Il jetait sa tête en arrière et risquait de se blesser en se cognant contre les meubles. C’est ainsi que décrit Nawal, femme au foyer, l’état de son fils de 10 ans Amir en voulant prendre la parole. Le premier mot restait toujours coincé dans sa gorge, raconte-t-elle.
« Lorsqu’il avait 3 ans et demi, je pensais que son bégaiement est apparu à la crèche en voulant imiter les syllabes entrecoupées des petits garçons. J’ai décidé alors de le mettre dans un jardin d’enfants où on faisait des activités préscolaires. Il a fait preuve d’intelligence dans le processus d’apprentissage, mais à l’âge de 6 ans, il continuait encore à bégayer », dit-elle.
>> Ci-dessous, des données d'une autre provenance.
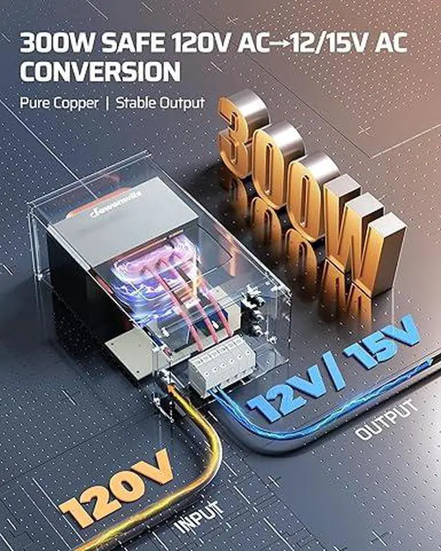 [Built-In 25A Circuit Protection] Features an integrated automatic circuit breaker, the 300W stainless steel transformer instantly cuts off power during overloads or short circuits; after troubleshooting, simply reset manually to restore normal operation and protect your lighting system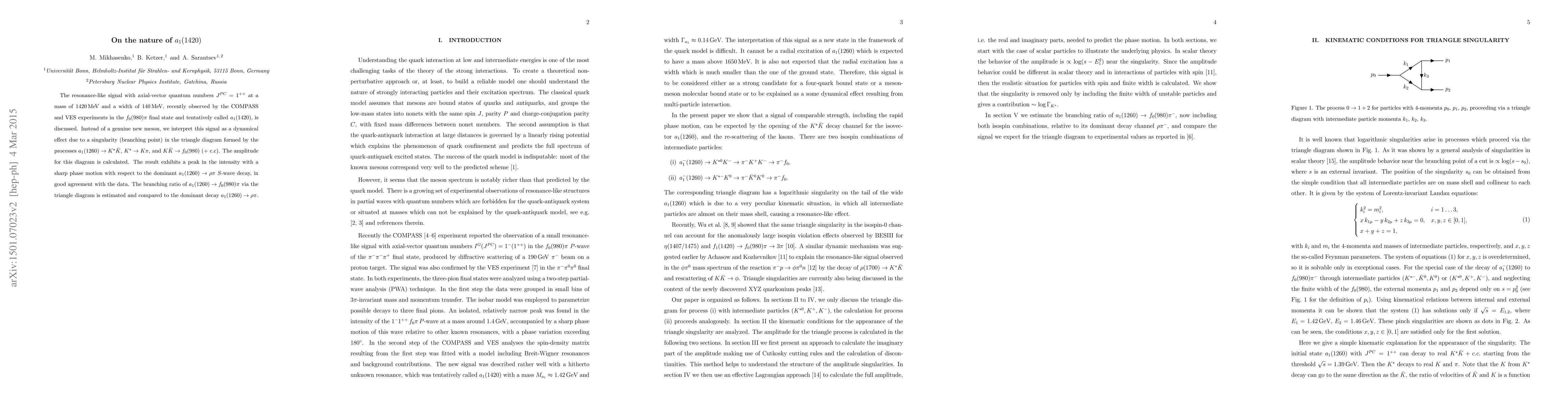 This paper discusses the $a_1(1420)$ resonance observed in experiments, suggesting it is not a new meson but a dynamical effect from a singularity in a triangle diagram involving $a_1(1260)$ decays. The calculated amplitude shows a peak consistent with the observed data, indicating the $a_1(1260)$ decay via $f_0(980)\pi$ is minor compared to the dominant $\rho\pi$ decay.

Inquiète pour l’avenir de son petit, cette maman a décidé de le prendre chez un orthophoniste pour comprendre ce qu’est le bégaiement. Ce dernier lui a expliqué qu’il s’agit d’un trouble de l’élocution qui touche le flux de la parole. Il peut se manifester de différentes façons. L’une se caractérise par des répétitions involontaires et l’allongement de sons et de syllabes, souvent accompagnés de pauses et de blocages.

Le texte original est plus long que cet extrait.